November 29, 2011 12:20:09 PM PST
No matter where he is, it seems in every stump speech, Gov. Rick Perry always stresses the abundance of jobs in our state. No where in Texas is that more evident than along the Eagle Ford Shale in southwest Texas, where the jobs are flowing because of what lies beneath the earth.

Kathy and Joe Moore's home in the town of George West, Texas might not seem unusual at first -- pictures on the walls, a welcome sign at the front door. They've lived there for 18 months.

"We checked in in April 2010 and we haven't checked out," Joe Moore said.

That's right -- their home is a hotel room at the Best Western and they love it.

"We've just made ourselves part of this wonderful town," Kathy Moore said.

The Moores moved here to the tiny town of George West because of the oil and gas boom. And they're not alone. So many have gone there because it's easier to find a job than a place to live.

"In this town, if you want to work, you can work," said Brenda Gloria with Ameritech.

Gloria moved to South Texas with her husband. He works on an oil rig. She manages a roadside temporary housing camp built just for roughnecks.

"There's four men in most of these trailers," Gloria said.

She says every where you go, you find other transplants who came to this string of small South Texas towns for the work.

"I came down here just like everybody else with the oil field," Gloria said.

That oil field is called the Eagle Ford Shale. It stretches throughout most of southern Texas, producing both natural gas and oil. And it's not like this is some short-term boom; some analysts suggest that Eagle Ford could be producing energy and providing jobs for decades.

"The potential supply numbers are really spectacular," said Bob Tippee.

Tippee is the editor of the Oil and Gas Journal. He says the Eagle Ford Shale is exploiting a newer kind of technology that allows for exploration that wasn't possible to this degree in years past.

"You have to manufacture permability in the rock that nature didn't provide," Tippee said.

Here's a simplified version of how it works: After the drill is lowered into the shale vertically, the well-bore is turned and the drilling begins horizontally. Then a mixture of water, sand and chemcials is blasted at high pressure into the rock, creating small cracks, so that gas or oil can flow through the cracks and into the well.

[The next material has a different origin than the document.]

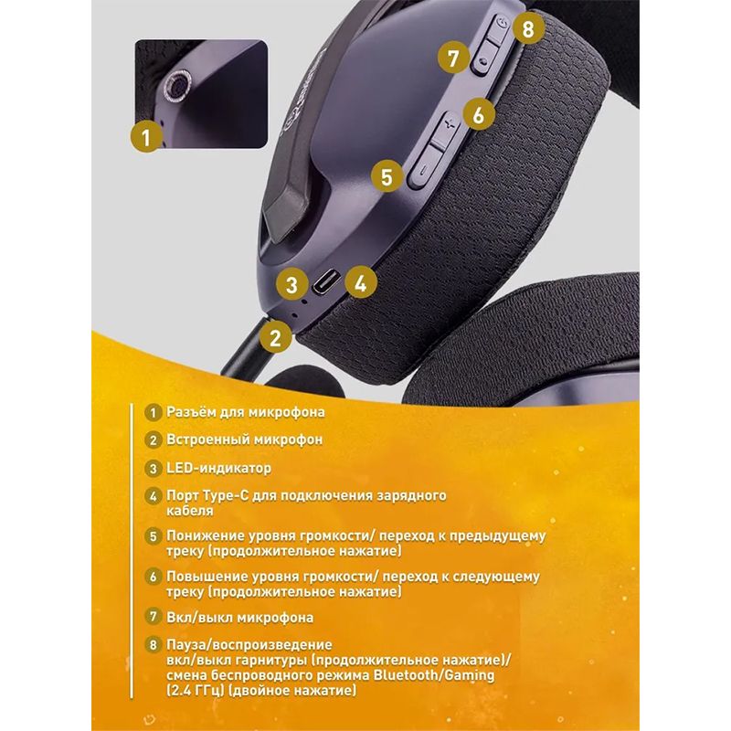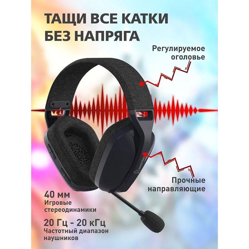 Smartbuy DESTROYER 2 - это универсальная игровая Bluetooth-гарнитура с беспроводной технологией связи и возможностью работать на радио частоте 2.4 ГГц практически без задержек, что особенно важно в компьютерных играх. Гарнитура имеет регулируемое оголовье, прочные направляющие и удобные амбушюры. Микрофон на гибкой ножке обеспечивает качественную передачу звука, а в случае необходимости его можно отсоединить. Управление звуком осуществляется с помощью кнопок, расположенных на чашке одного из наушников. Встроенный аккумулятор обеспечивает до 25 ч автономной работы, заряжается через USB. Технические характеристики

It means a new source of domestic production and jobs.

Matthew Matheson moved there and found two of them -- one on a rig and one doing welding work for the construction companies benefitting from the play.

"Is it hard to find work?" we asked him.

"No not at all," he said.

Drive the highways and you'll see the hiring signs nearly everywhere, lots of jobs, lots of energy. And a lot more time in a temporary home for thousands of people like Joe and Kathy Moore.

"You're not gonna see a bust here for quite some time," Joe Moore said.